TRY IT
An exact copy of the data is required. No picture may appear in it.

DATA
^^^^^^^^

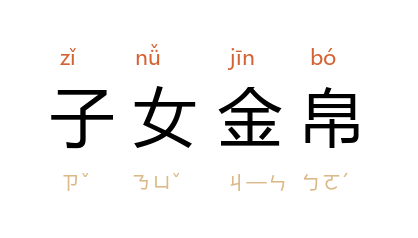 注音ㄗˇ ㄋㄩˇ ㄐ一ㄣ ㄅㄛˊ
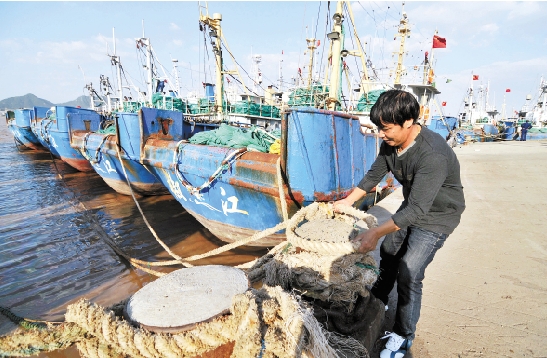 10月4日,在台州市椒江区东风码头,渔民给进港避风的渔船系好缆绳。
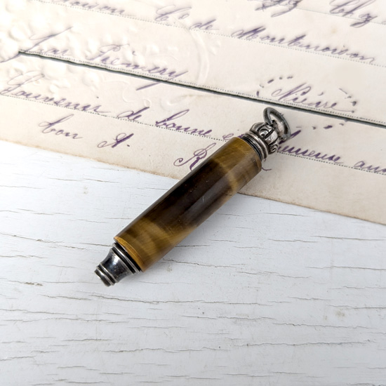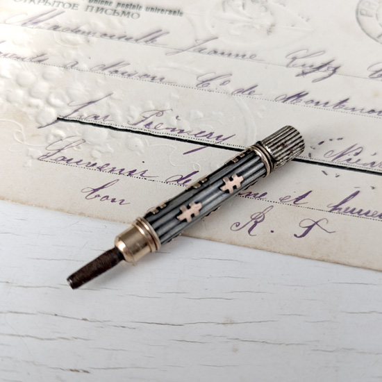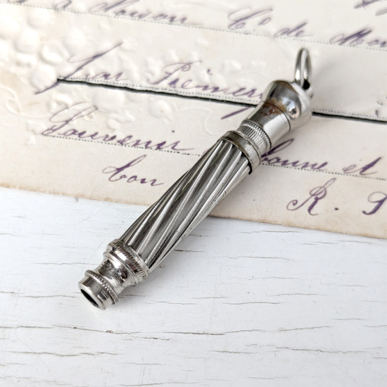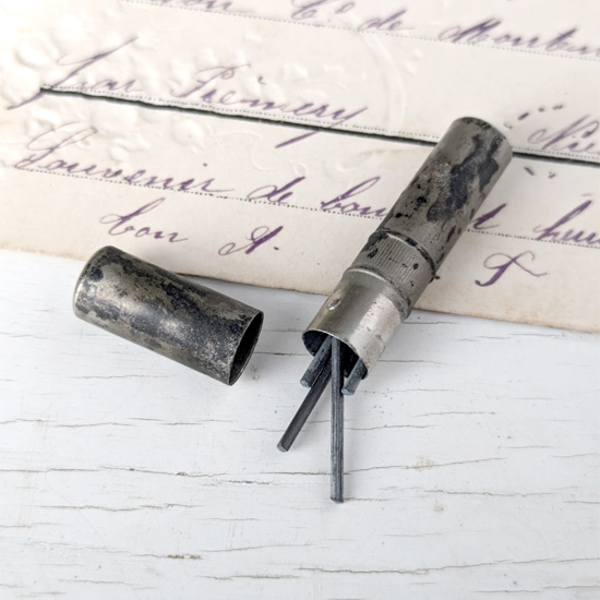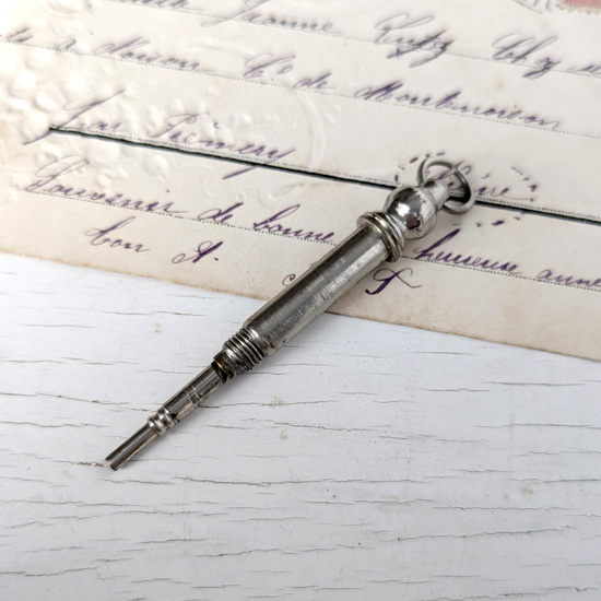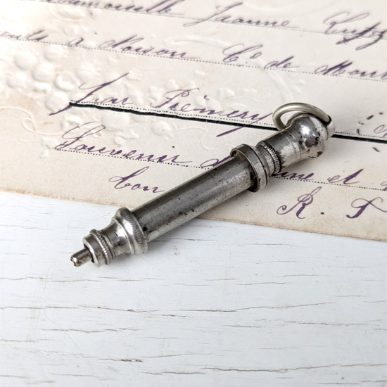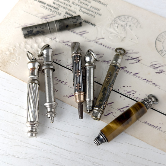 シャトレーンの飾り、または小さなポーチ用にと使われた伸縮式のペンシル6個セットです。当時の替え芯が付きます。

^^^^^^^^

RESPONSE AREA
 注音ㄗˇ ㄋㄩˇ ㄐ一ㄣ ㄅㄛˊ
 10月4日,在台州市椒江区东风码头,渔民给进港避风的渔船系好缆绳。
 シャトレーンの飾り、または小さなポーチ用にと使われた伸縮式のペンシル6個セットです。当時の替え芯が付きます。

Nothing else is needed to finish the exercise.